Kalıcı enflasyon tehlikesi çok büyük

Yarın sabah Türkiye İstatistik Kurumu Nisan ayı tüketici enflasyonunu açıklayacak. Halen yüzde 50,51 seviyesinde olan enflasyonumuzun yüzde 45’lere doğru ‘düştüğünü’ öğreneceğiz.

Bu, büyük bir olasılıkla enflasyonun baz etkisine dayalı olarak düştüğü son ay olacak. Bundan sonra enflasyon yeniden tırmanmaya başlayacak.

Türkiye, bir inat yüzünden girdiği bu yüksek enflasyon sarmalından artık iktidara kim ve hangi anlayış gelirse gelsin kolay kolay çıkamayacak. Çünkü sorun, çözüm için uzun zamandır hiçbir temel müdahale yapılmadığı için artık yapısal hale dönüştü.

Ülkemizi bekleyen çok büyük bir bütçe açığı var. Bu açık kolay kolay makul bir seviyeye inmeyeceği gibi önümüzdeki bir yılda açığı kapatma yolunda da çok fazla şey yapılmayacak. Çünkü belki bu yılın seçimi en fazla bu ayın sonunda bitecek ama hemen ardından Mart 2024’te yapılacak yerel seçim için yeni türden seçim ekonomisi başlayacak.

Demokratik düzenin olmazsa olmazı olan seçimler, bizim siyasetçilerimizin her sıkıştıklarında seçim ekonomisi adı verilen kamu kaynaklarını bol keseden dağıtma yarışına girdikleri bir ortama dönüştüğü için Türkiye’de artık ‘Ekonomiye bir tehdit’ olarak algılanıyor. Oysa seçim tehdit olmamalı; ekonomiye tehdit politikacıların kamu kaynaklarını canlarının istediği gibi dağıtması.

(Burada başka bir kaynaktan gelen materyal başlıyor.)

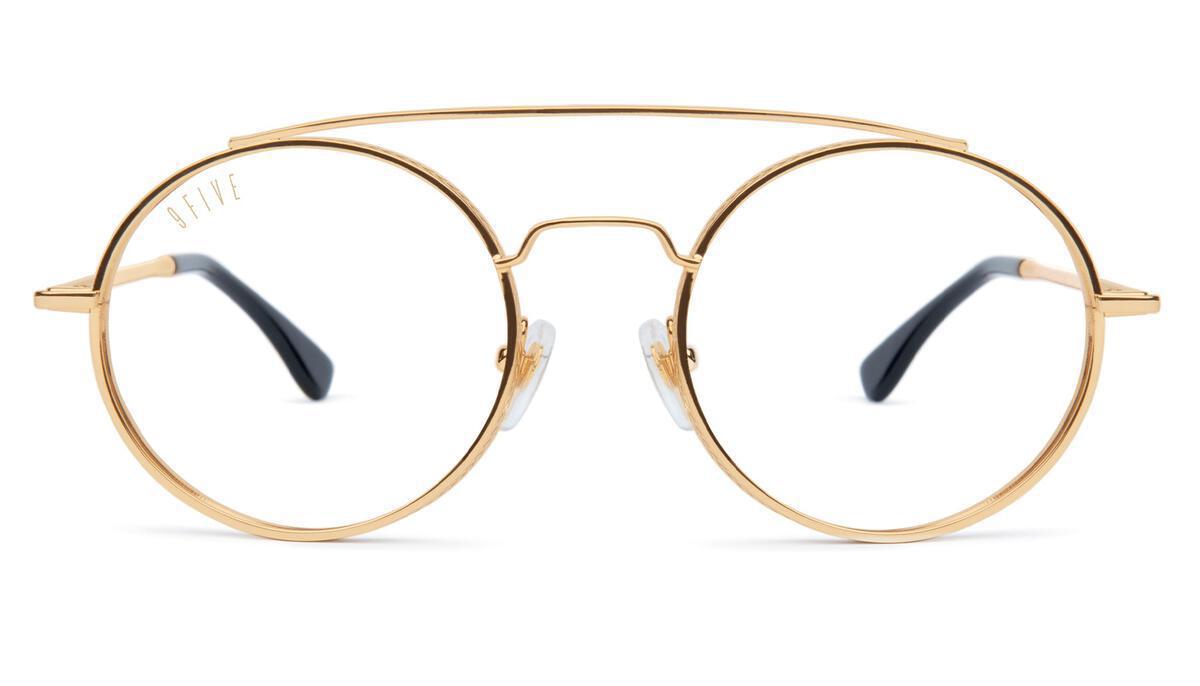 Glossy black temple tips with gold 9FIVE monogram logo embedded on each temple tip
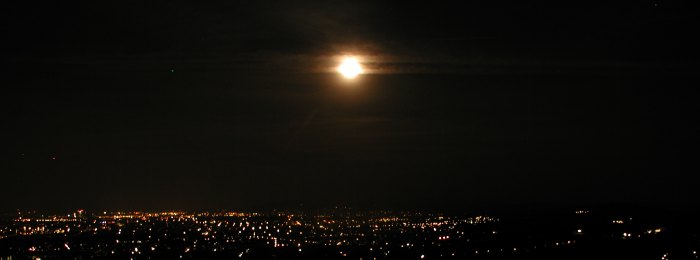 Dunstwolken am Horizont bescheren uns ein interessantes Wettrennen; während der Mond höher steigt, steigt auch der Dunst, und wiederholt versucht der Erdtrabant vergeblich, den Wolken zu entkommen. Doch er kann dieses Rennen nur gewinnen. Die Wolken werden im Lauf der Nacht weniger, und die Drehung der Erde hebt den Mond schliesslich hoch genug, um ihn über den Wolken strahlen zu lassen.
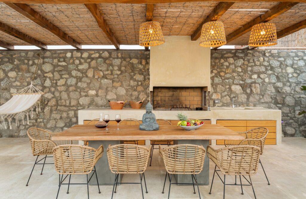 The estate houses a fully equipped gourmet kitchen designed to satisfy the most demanding culinary standards. This space features state-of-the-art appliances, including professional coffee makers and dual refrigeration systems. Furthermore, the open-plan layout connects directly to the indoor dining area and the shaded outdoor pergolas. Whether you enjoy a gourmet breakfast by our chef or host an intimate dinner, the facilities are engineered for perfection. Therefore, every meal at Villa Node becomes an extraordinary event.

Türkiye bu yıl ve önümüzdeki yıllar sadece seçim ekonomisinin hasarıyla değil bir de deprem harcamalarıyla boğuşacak. Aradan sadece 3 ay geçti ve çoğumuz Cumhuriyet tarihinin en yıkıcı ve en ölümcül depremini yaşadığımızı unuttuk bile ama deprem kendisini unutturmuyor.

Türkiye’nin kocaman 10 şehri, yeniden eski hayatına dönebileceği ve görece ‘normal’ olabileceği günleri bekliyor. Bunun için de başta kamu ama özel sektör dahil herkesin bu şehirlere yatırım yapması gerekiyor.

Kamu açısından sadece yıkılan evleri yapmak, yok olan alt yapıyı yeniden kurmak en azından 104 milyar dolara mal olacak. Bunun yaklaşık yüzde 20’si yurt dışından ve içinden gelen bağışlarla karşılanacak, gerisini bütçeden ödeyeceğiz.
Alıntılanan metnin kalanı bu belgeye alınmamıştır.